Nobody, nobody except Jakkie when he was small, was allowed to look at it straight on. Over the years ever more forbidden, that zone above Agaat’s forehead. When she caught me out staring, she made me feel as if I were peeking through a transparent blouse.

But now she is asleep and I can stare to my heart’s content. The light plays over the riffles and stipples and eyelets and crenellations of the embroidery. The edges of the cap are bordered above and below with a satin fillet and finished with crocheted lacework. Are my eyes playing me tricks here? A design of musical notation I see, notes and keys and staves. As the light quickens and dims through the trellis on the stoep, through the panels of the glass door, through the gauze lining of the curtain, I can make out what is embroidered there. Am I seeing straight? A harp it seems to be, a syrinx, a tambourine, a trumpet, the neck of a lute. And hands I see, all the wrists bent, all fingers on strings and valves and stops.

Agaat stirs. She closes her mouth, she swallows. She feels my gaze. I must close my eyes before she wakes up. I can’t stand it any longer, the fencing with the eyes.

But I can’t stop looking. It’s like looking into clouds. Everything is possible. Wings it looks like, angels’ wings. They arch out gracefully from the backs of the musicians. But the trumpet-player has a pig’s snout. And the beak of the harpist is that of a bat. A wolf, grinning, beats the tambourine. A baboon with balloon-cheeks blows the syrinx, a rat with tiny teeth hangs drooling over the lute.
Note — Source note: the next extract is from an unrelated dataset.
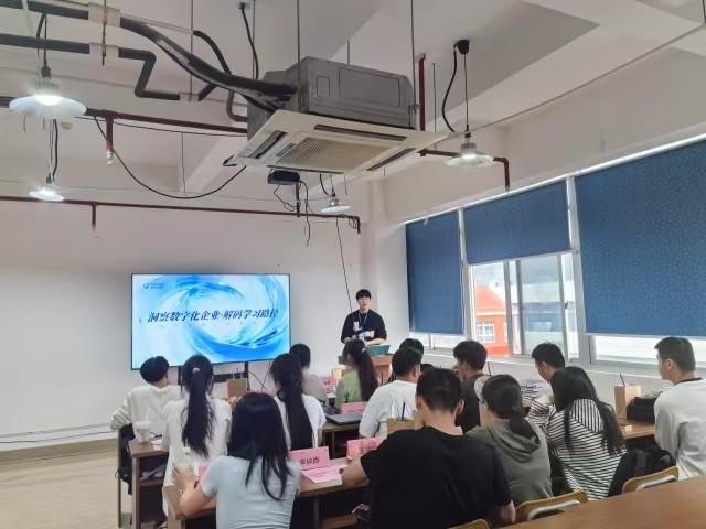 其次,在专业就业讲解与项目实操(小型园区网)环节,企业方谢伟聚焦网络安全、大数据等领域,为学生党员详细介绍技术趋势和行业需求,助力学生明晰职业发展方向,推动校企产学研合作

Agaat opens her eyes. Sleepily. She doesn’t know where she is. She blinks. Embarrassment steals over her face. The embarrassment is shed. Defensiveness takes its place. Confusion over her arm around my feet.

Never mind. You were tired. Good thing that you could rest. Never mind, it’s not serious. Calmly now. Give yourself time to wake up properly. There’s nothing to rush us.

But she’s angry. With herself. Angry that I saw her like that, angry that she’s late with everything. That evening arrived without her. She sits up straight, adjusts her glasses, adjusts her cap.

Don’t be angry. I saw nothing, I’ve also slept, I woke with you. We dreamt. All that I saw was a dream. See, I’m closing my eyes.